Apart from special military discounts and the plethora of amenities offered at the apartment complex, the officers were looking forward to enjoying their retirement in the company of their most trusted comrades in arms.
Fast forward six years later, in September, 2014, the same officers were united in demonstrating in a march in New Delhi, against Chawla. They alleged that BPTP robbed each of them blind.
According to a new investigation by The New York Times, BPTP collected almost 100 percent of the price attached to the Park Serene apartments from 400 different buyers. The total outlay is estimated by the protestors to exceed $35 million — now all in the hands of Chawla.
While complaints and accusations are steadily mounting against Chawla, who has developed two dozen other major residential complexes around Delhi, many of the former military officers who invested in Park Serene are sinking in their effort to find somewhere else to live.
As one might imagine, homelessness is not a plight affecting Chawla in the slightest — least of when he’s the owner of a 4,050-square-foot condominium housed in the Time Warner Center, in Manhattan, featuring five bedrooms, a media room, lofty ceilings, and an unencumbered, aerial view of Central Park.

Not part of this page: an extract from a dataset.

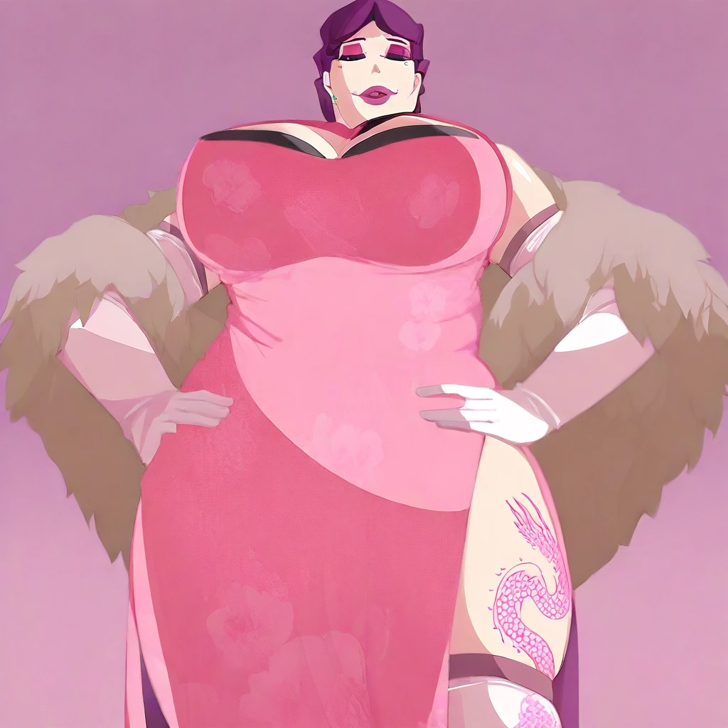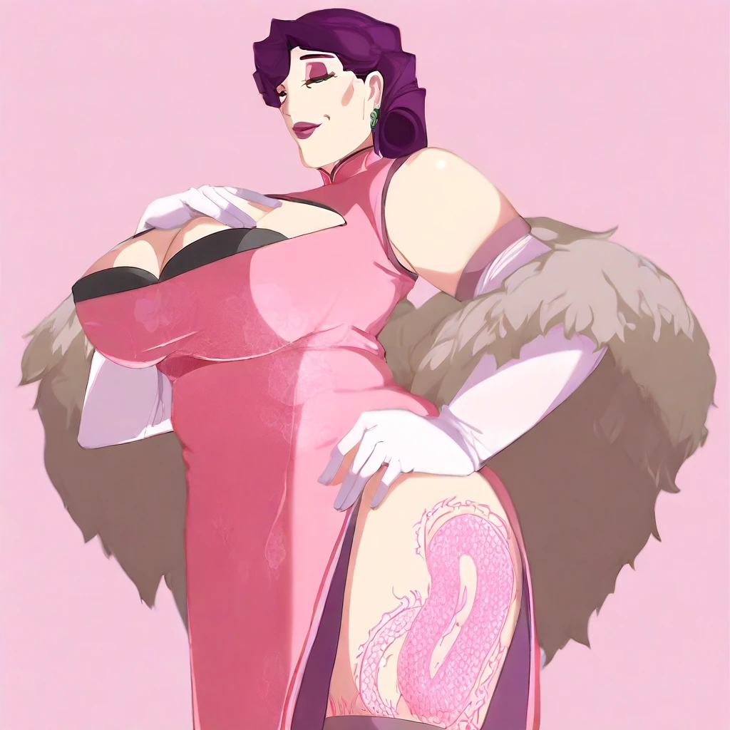 pink china dress, black bracups, white elbow gloves, see-through thighhighs, feather boa,
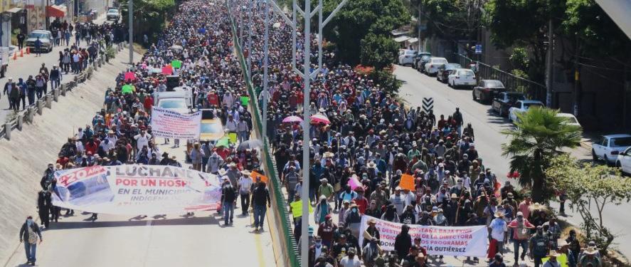 Alcaldes y comisarios de 13 municipios, acompañados de unos 5 mil manifestantes armados con palos, machetes y tubos, encabezaron una marcha en Chilpancingo para exigir a la gobernadora Evelyn Salgado Pineda obras, mejoras de los servicios de salud y rehabilitación de caminos.

Chawla denies owning the $19.4 million home, instead insisting that it belongs to his cousin, but The New York Times uncovered correspondence between real estate brokers and other sources corroborating Chawla as the apartment’s owner. Currently, the ownership of the unit is shrouded in a veil of secrecy provided by a Delaware shell company with a Singaporean address that admittedly evokes the ambitions of an international property mogul: “NYC Real Estate Opportunities.”
Chawla, who is in his early 40s, entered real estate more than 20 years ago when he constructed a building on property owned by his father. While his family’s name is venerated in India due to the heroism of his cousin– astronaut Kalpana Chawla, who perished aboard the space shuttle Columbia — Kabul Chawla has opted to play the villain during his time in the spotlight.
Aside from the steady influx of grievances stemming from his residential properties, 2011 saw a highly publicized case brought against the real estate magnate in which an accountant accused him of stealing 40 lakh rupees, which was then the equivalent of $85,000. The accountant, Suresh Goel, claims BPTP sold him a commercial lot — where he planned to open an office — before acquiring the proper licenses. When Goel brought it up to the company, it cancelled his contract without returning his money.
Dozens of similar case have cropped up against Chawla and the BPTP, but the company continues to operate freely.
Manoj Pandey, a real estate agent who told the New York Times he sold more than 100 BPTP plots, even described a malicious pattern where the company’s explicit goal was to sell property, reassign the customers to less desirable locations, and then resell the original property for even more revenue.
“They promised heaven to all the buyers,” recounted Pandey to the Times.